5. Conversion of IRA Contributions
If you have converted a traditional IRA to a Roth IRA and would like to re-characterize the conversion back to a traditional IRA, to avoid the tax, you must do so by December 31, 2017. This re-characterization mechanism will not be available beginning January 1, 2018. If you are wanting to convert a regular IRA to a Roth IRA, you should consider postponing this move until 2018 so the taxable income from conversion will be taxed at lower rates.
 
6. Home Mortgage Interest
For all homeowners with existing mortgages that were taken out to buy a home prior to the enactment of this bill, there is not a change to your deduction. For homeowners with new mortgages on first or second homes, the interest deduction will be only available up to $750,000 in debt.

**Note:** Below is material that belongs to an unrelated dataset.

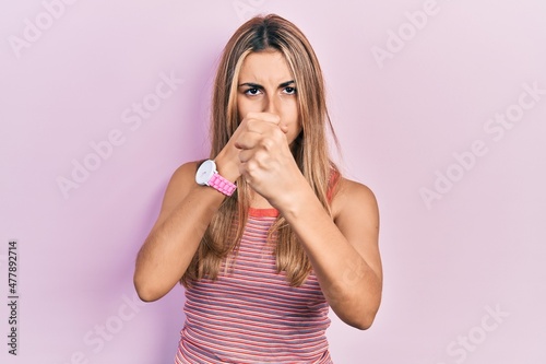 Beautiful hispanic woman wearing casual summer t shirt punching fist to fight, aggressive and angry attack, threat and violence
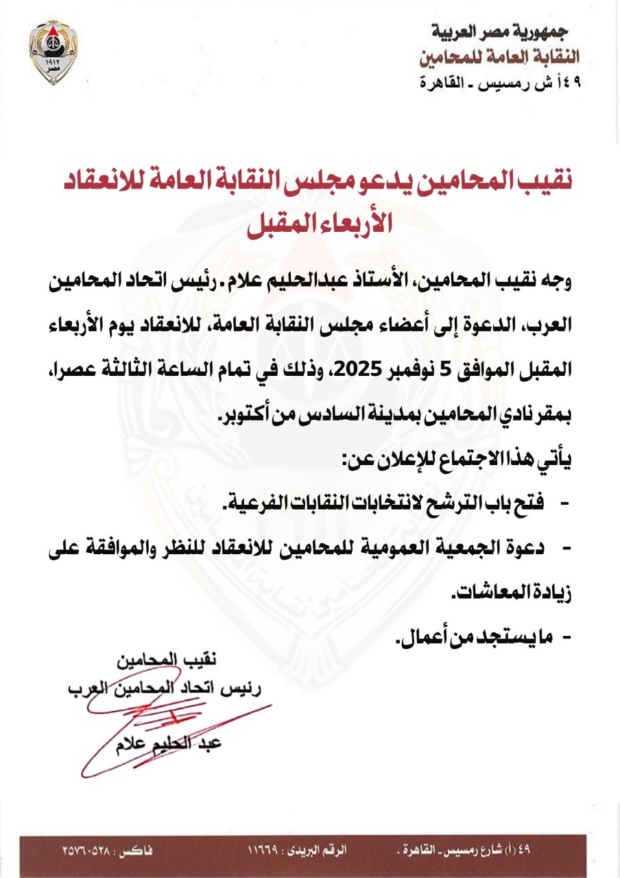 وجه نقيب المحامين، الأستاذ عبدالحليم علام ـ رئيس اتحاد المحامين العرب، الدعوة إلى أعضاء مجلس النقابة العامة، للانعقاد يوم الأربعاء المقبل الموافق 5 نوفمبر 2025، وذلك في تمام الساعة الثالثة عصرا، بـمقر نادي المحامين بمدينة السادس من أكتوبر.

In addition, the deduction for interest paid on home equity debt will be eliminated beginning January 1, 2018.

BUSINESS
1. C-Corporation Tax Planning
With the 21 percent tax rate for C-corporations beginning January 1, 2018, C-corporations should accelerate expenses as much as possible by December 31, 2017. This will reduce the amount of 2017 income taxed at the current, higher rates and maximize the income taxed and the lower rates beginning in 2018. For C-corporations with income less than $75,000, the new rate will actually be a tax increase as the C-corporation will lose the current 15% bracket it is in at that income level. If the C-corporation will have less than $75,000 in taxable income in 2017, it may consider accelerating income into 2017 up to the $75,000 income threshold so that it can receive the 15% tax rate as opposed to 21% in 2018.
 
2. Deferral of Income
If your business is service-oriented and operates on the cash basis method of accounting, the income you earn is not taxed until it is paid to you. Therefore, it may be wise to hold off on billings until 2018 so your income can be taxed at the lower rates. You will need to weigh the benefits vs. costs of this to your business and to your customers.

3. Like-Kind Exchanges
Like-kind exchanges involving personal property should be completed by December 31, 2017 so that the gain on the like-kind exchange can be deferred. As of January 1, 2018, the favorable deferral of gains on like-kind exchanges will only apply to exchanges of real property. Therefore, like-kind exchange treatment would not be allowed for the trade-in of a vehicle after December 31, 2017. The trade-in will be treated as if you sold the vehicle and invested the proceeds in a new vehicle, which may cause you to recognize a gain from the trade-in. While the new vehicle may receive bonus depreciation in 2018, the vehicle may be subject to limits imposed that would only allow you to deduct up to $25,000 of depreciation.
 
4. Bonus depreciation  
Businesses will be allowed to immediately deduct the full cost of purchased equipment beginning with assets placed in service after September 27, 2017. Bonus depreciation will also now be allowed for both new and used equipment that is purchased. This is one of the few provisions in the Act that begins prior to January 1, 2018. In many cases it may make sense to accelerate the purchase of assets to receive the deduction in 2017.
 
As mentioned previously, there is an array of planning opportunities to be had with the enactment of the TCJA. We would suggest reaching out to your CPA to discuss what strategies you can implement for both your personal tax situation and your business entities in a timely matter. A full assessment of the bill in relation to your tax position may be required.